5 Facts About Your Supplemental Security Income Payments While You Are Incarcerated

5 Facts About Your Supplemental Security Income Payments While You Are Incarcerated

In many cases, you don’t have control over the number of days you spend in jail, but if you are planning on not bonding out in the hopes of building time on a future sentence or getting a time served release, be sure to watch the calendar so you do not get your payments suspended.
  1. You do not need to be convicted to lose the payments. They will be stopped after you have been in jail for a calendar month, with or without a conviction. For example, if you are arrested May 1, your benefits stop June 1, because you have spent a calendar month incarcerated. If you are arrested May 10 your benefits won’t stop until July 1, because your calendar month is June 1 to June 30.
  2. If you are ultimately found innocent and released, you will still lose the payments for the months you were in jail waiting for court.

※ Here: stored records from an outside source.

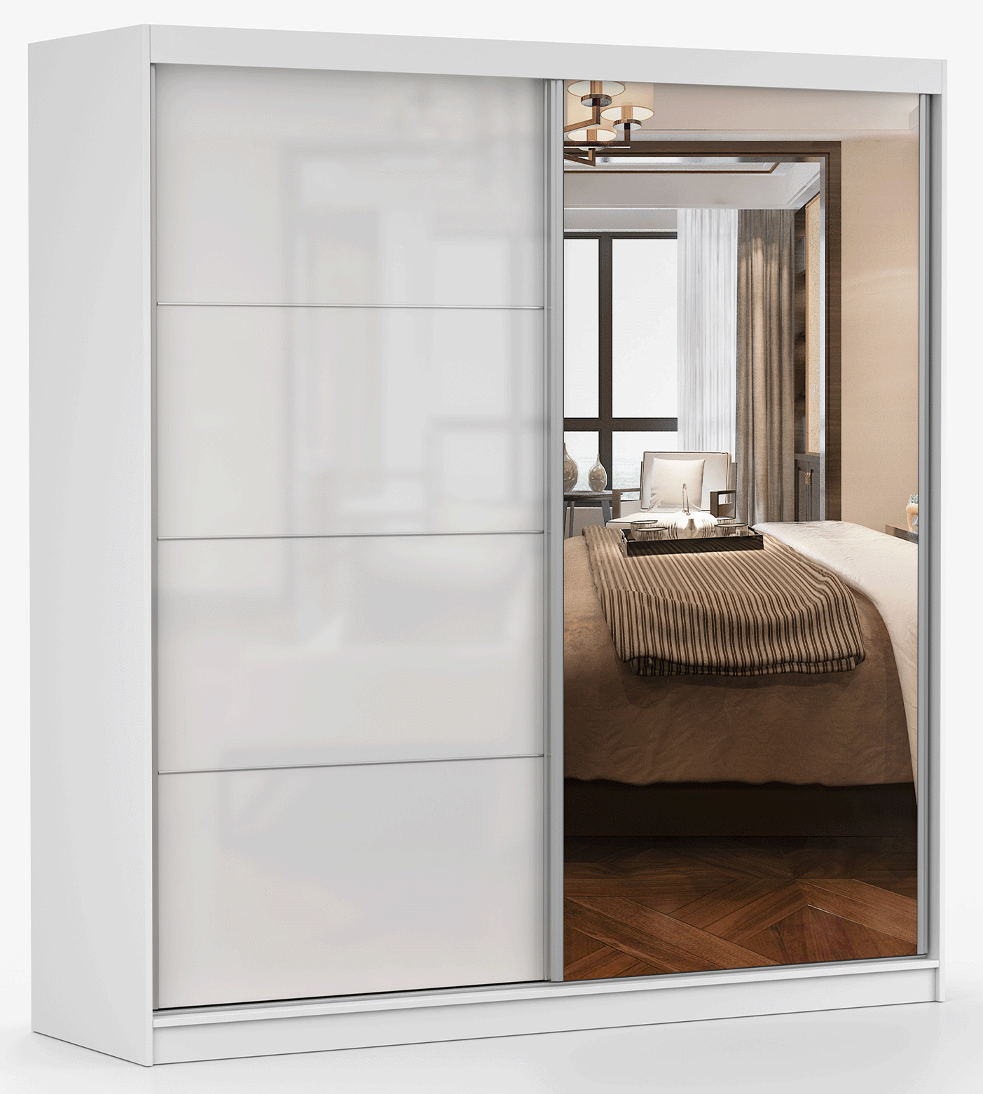 Šatní skříň MULTI 35 - 203 cm, Bílá/Bílý Lesk
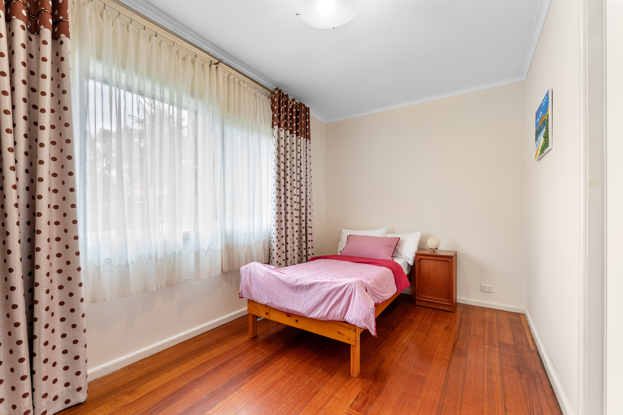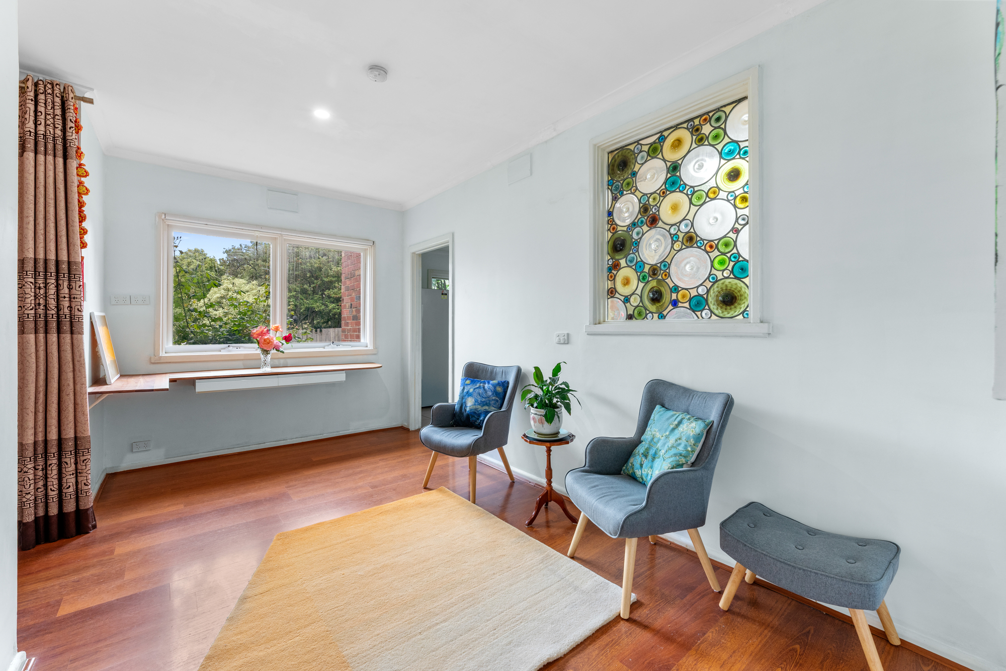 Three well-proportioned bedrooms each enjoy peaceful garden outlooks, serviced by a neat central bathroom that offers scope for future modernisation. Ducted heating and air conditioning ensure year-round comfort, while the thoughtful layout supports a range of family and lifestyle needs.
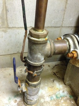 When attaching a bonding wire or electrode conductor to a water pipe, use grounding clamps designed for water pipe attachment. If a water meter is present, two clamps must be used, one on either side of the water meter, with a bonding jumper (ground wire) in between (below).
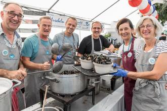 Ein Genuss für viele Crumbacher Muschelfest-Gäste: die fangfrischen Miesmuscheln aus der Bucht von Mont-Saint-Michel, zubereitet von den Crumbachern Muschelköchen nach original bretonischem Rezept. Perfekt dazu der französische Weißwein „Muscadet Sur Lie“.

Those payments will not be retroactively given to you.
  3. You can get payments reinstated as long as you get out in less than 12 months. Keep in mind it is 12 months from your first calendar incarceration month, not 12 months from your conviction.
  4. Many jails and prisons have “pre-release” forms that allow you to start the reinstatement paperwork before you are released. The payments won’t start until after you are released but it begins that process, which can take some time. If not, you can file reinstatement forms once you are released.
  5. If you are incarcerated for more than 12 months, your supplemental security income case will be closed. If you wish to get benefits again, you will have to begin the entire application and qualifying process over again as if you were never on it before.